Wagtail Content Import

A module for Wagtail that provides functionality for importing page content from third-party sources. Currently supports importing Google Docs into a StreamField.

Getting Started

Requirements:

  • Django 2.2
  • Wagtail 2.2
  • Python 3

To install:

  1. Run python3 pip install wagtail-content-import.
  2. Add 'wagtail_content_import' and 'wagtail_content_import.pickers.google' to INSTALLED_APPS.

To set up:

Wagtail Google Docs integration relies on Google APIs, which you will first need to enable for your project:

  1. Navigate to the Google API Library. Select a project for your Wagtail site, or create a new one now.

  2. Find and enable the Google Docs and Google Drive APIs.

  3. Find and enable the Google Picker API, and copy its API key to the setting GOOGLE_PICKER_API_KEY.

  4. Open the Credentials page in the API Console.

  5. Select Create credentials, then OAuth client ID

  6. If you haven't already configured the consent screen, you will need to configure this now.

    1. Under Scopes for Google APIs, click Add scope.

    2. Add ../auth/documents.readonly and ../auth/drive.readonly scopes.

      Note: adding these sensitive scopes means that you will need to submit your project for verification by Google to avoid user caps and warning pages during use.

    3. Add your domain to Authorised domains.

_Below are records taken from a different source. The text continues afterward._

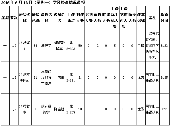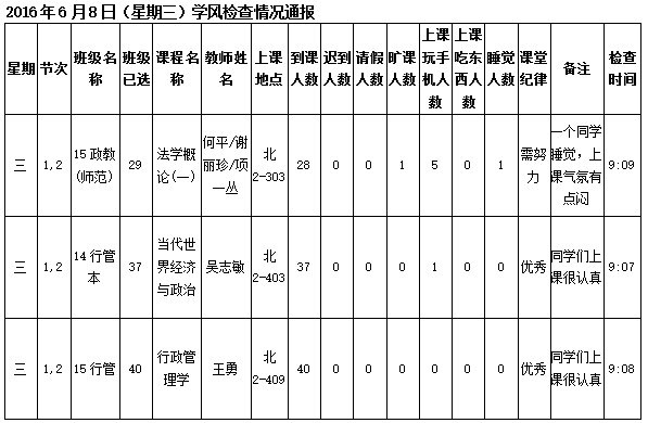 学生处学风检查法政学院情况(6.21更新)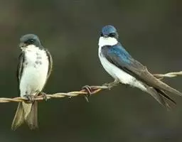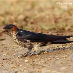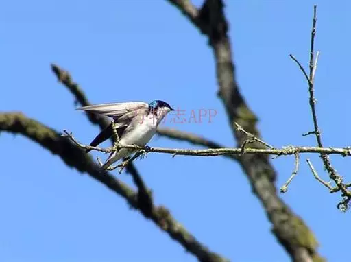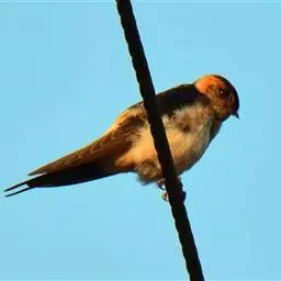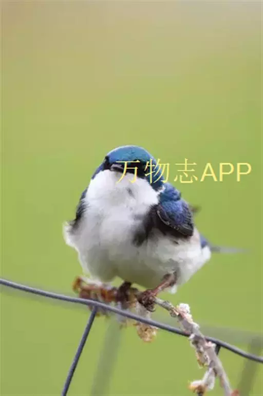 线尾燕,腹部接近纯白色,背部则为深紫色,头部的羽毛是栗色的。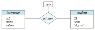 - 예를 들어서 학생 junyoung과 교수 junho 사이에는 advisor라는 relationship을 정의할 수 있다.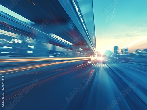 Blurred City Highway with Speeding Traffic at Sunrise. Perfect for Business and Promotional Posters.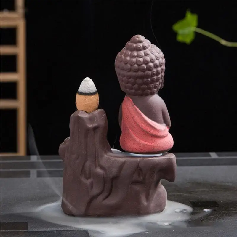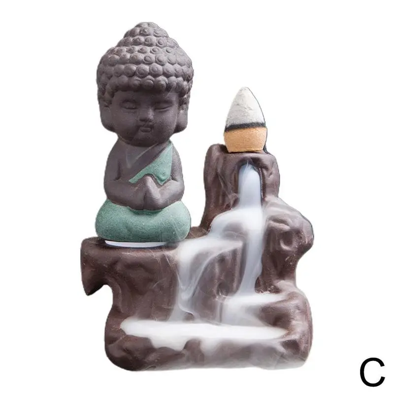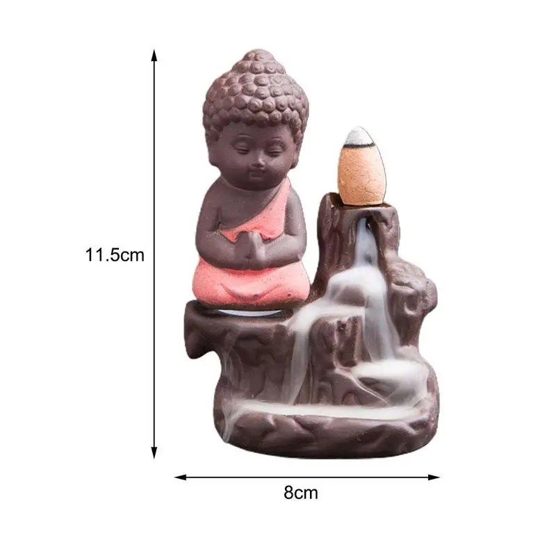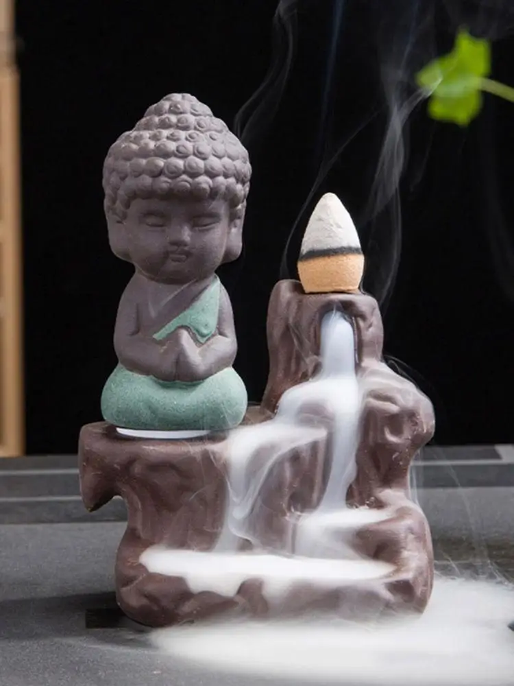 Когда в горелке горит конус ладана, следы дыма имитируют Водопад/облачный туман на вершине горы у основания фигурки
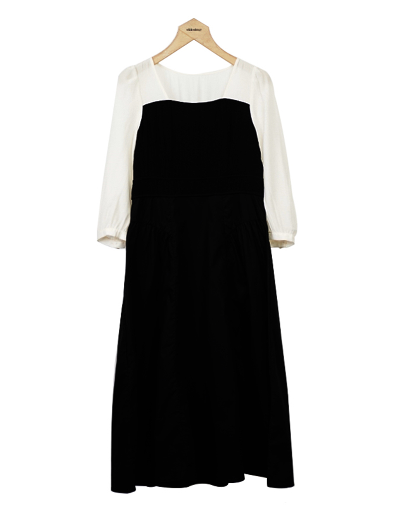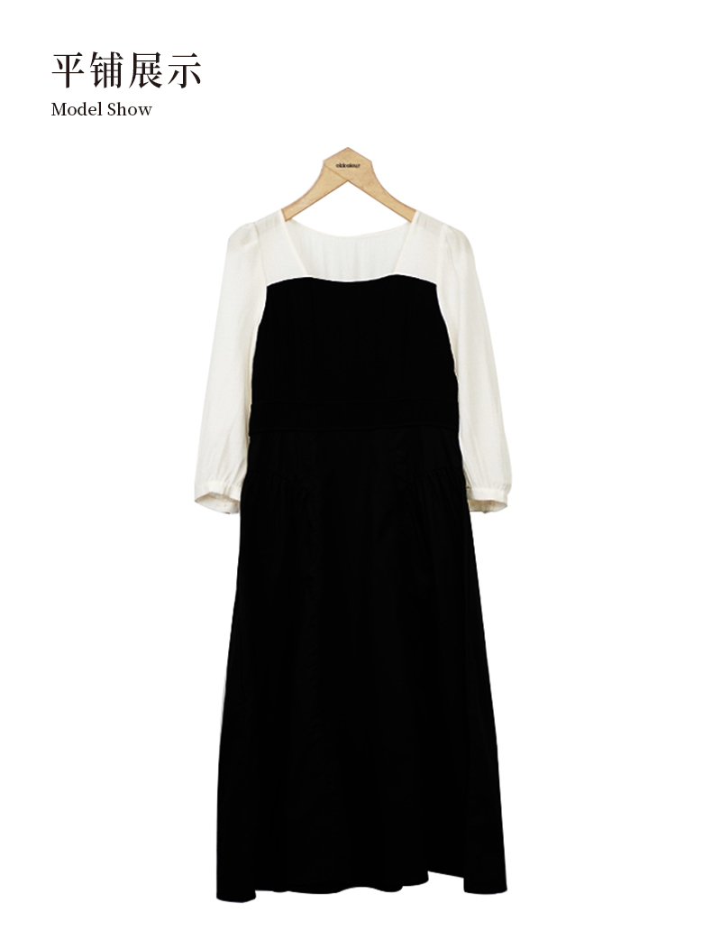 oldcolour法式气质连衣裙秋季新款撞色拼接长袖中长裙GO31103855

  7. For Application type, choose Web application

  8. Under Authorised JavaScript origins, add your domain.

  9. On the Credentials page, next to your Client ID, click the download item to download a JSON file of your client secret.

  10. Copy the text from this file, and use it to set GOOGLE_OAUTH_CLIENT_CONFIG.

Basic Usage

  1. To enable Google Docs import for a Page model, it should inherit from ContentImportMixin (wagtail_content_import.models.ContentImportMixin). By default, content will be imported into into a StreamField called body (see Changing Import Fields for how to change this).

  2. You'll then need to create a Mapper, which maps the parsed document into your StreamField blocks. Create a class deriving from wagtail_content_import.mappers.streamfield.StreamFieldMapper:

    from wagtail_content_import.mappers.converters import ImageConverter, RichTextConverter, TableConverter, TextConverter 
    from wagtail_content_import.mappers.streamfield import StreamFieldMapper
    
    class MyMapper(StreamFieldMapper):
        html = RichTextConverter('my_RichTextBlock_name')
        image = ImageConverter('my_ImageBlock_name')
        heading = TextConverter('my_CharBlock_or_TextBlock_name')
        table = TableConverter('my_TableBlock_name')    
    

    The above example assumes use of the simple blocks included with Wagtail. For StructBlocks, see Working with StructBlocks.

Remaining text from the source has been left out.